He portrays a President surrounded “by mediocre and unscrupulous yes-men and self-seeking eager informants” and as a result gradually losing “touch of the real world around him and dipping into a make-believe world of personal grandeur,” adding “his demeanor of false modesty could no longer conceal his crass arrogance and insatiable hunger for power.” He describes the way the President responded to the criticisms of the G15 in 2001 and the way he acted as “the accuser, judge and executioner without evidence or reference to the law”. Long before he had suspended the PFDJ Central Committee and the Eritrean National Assembly and emasculated the High Court. He describes Isaias ‘dark side’ as thriving on “the pain of those he condemns to freezing, torture or death [giving him] free rein to trample on the basic rights and civil liberties of the people and condemn many Eritrean patriots to extinction.”  He notes the President uses state resources without restraint mixing public and private assets, regarding himself as the “rightful ruler of the country and behaving as its owner. He appoints, suspends, or dismisses senior government officials and civil servants at will with the only criteria being “personal loyalty measured by blind obedience, rather than service, competence or merit.” He operates through individuals who hold no formal position or function in the hierarchies of government, army or party.  
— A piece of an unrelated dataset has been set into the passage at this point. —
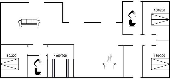 Das Ferienhaus eignet sich für 12 Personen. 2 der Schlafplätze eignen sich jedoch nur für größere Kinder (4-11 Jahre). Die Ferienunterkunft hat eine Wohnfläche von 150 m² und wurde 2025 gebaut. Es ist erlaubt 2 Haustiere mitzubringen. Die Ferienunterkunft ist mit einer energiefreundlichen Luft-Wasser-Wärmepumpe ausgestattet. Fußbodenheizung in allen Räumen. Die Ferienunterkunft ist mit Waschmaschine ausgestattet. Wäschetrockner. Tiefkühlmöglichkeit mit 45 Liter Nutzinhalt.
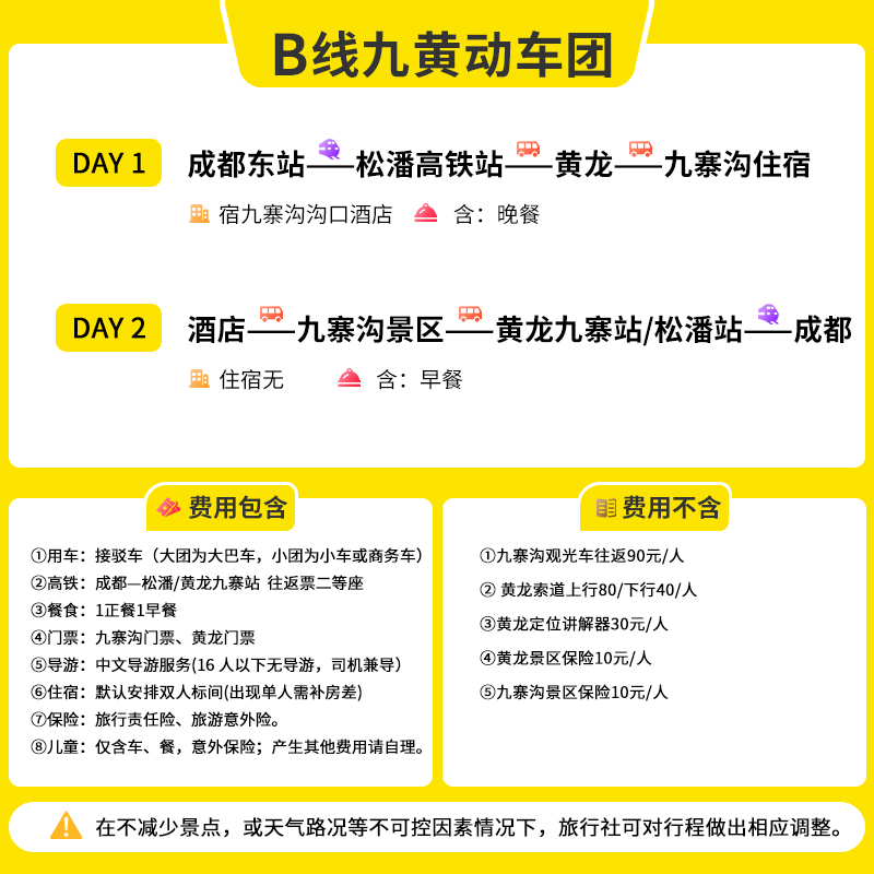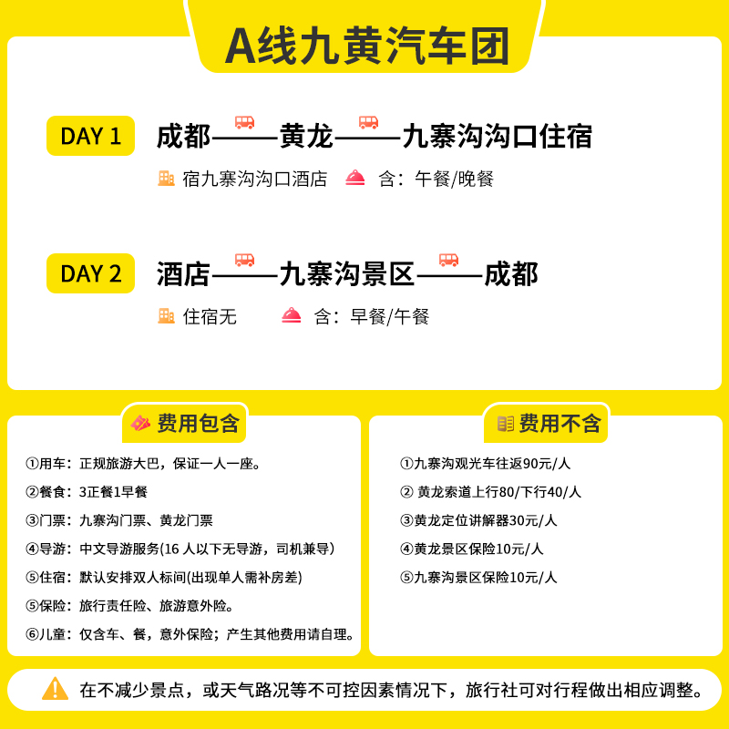 川西跟团游九寨沟黄龙2日游成都周边高铁2天1晚纯玩跟团游可8人团

Andebrhan calls Isaias a “shrewd, street-smart tactician capable of manipulating people” but lacking a “sense of strategy and long-term vision”, a man driven by careerist ambition and an authoritarian disposition which has changed him from a once charismatic leader of the EPLF into a detested despot. He betrayed his former comrades and fellow-fighters in order to monopolize state power and “control the small world around him”. Once there, he displayed extraordinary cruelty: “the tyranny of the regime, the brutality of its suppression of dissent , and the severity of its repressive rule have few parallels, both in scope and intensity , in the annals of the turbulent history of modern Eritrea.” Isaias is described as “ever ungrateful and ungracious”, deeply distrustful and jealous of colleagues, constantly keeping them under surveillance, marginalizing or eliminating potential rivals. He has no compassion and possessed of a delusion of grandeur, he suffers from “a rejection complex verging on identity crisis that occasionally surfaces when under the influence of alcohol or seized of drunken brawls”. In sum, he is “selfish to the core, fixated on his grudges, and vindictive in the extreme”. It is a damning and deeply unpleasant portrait.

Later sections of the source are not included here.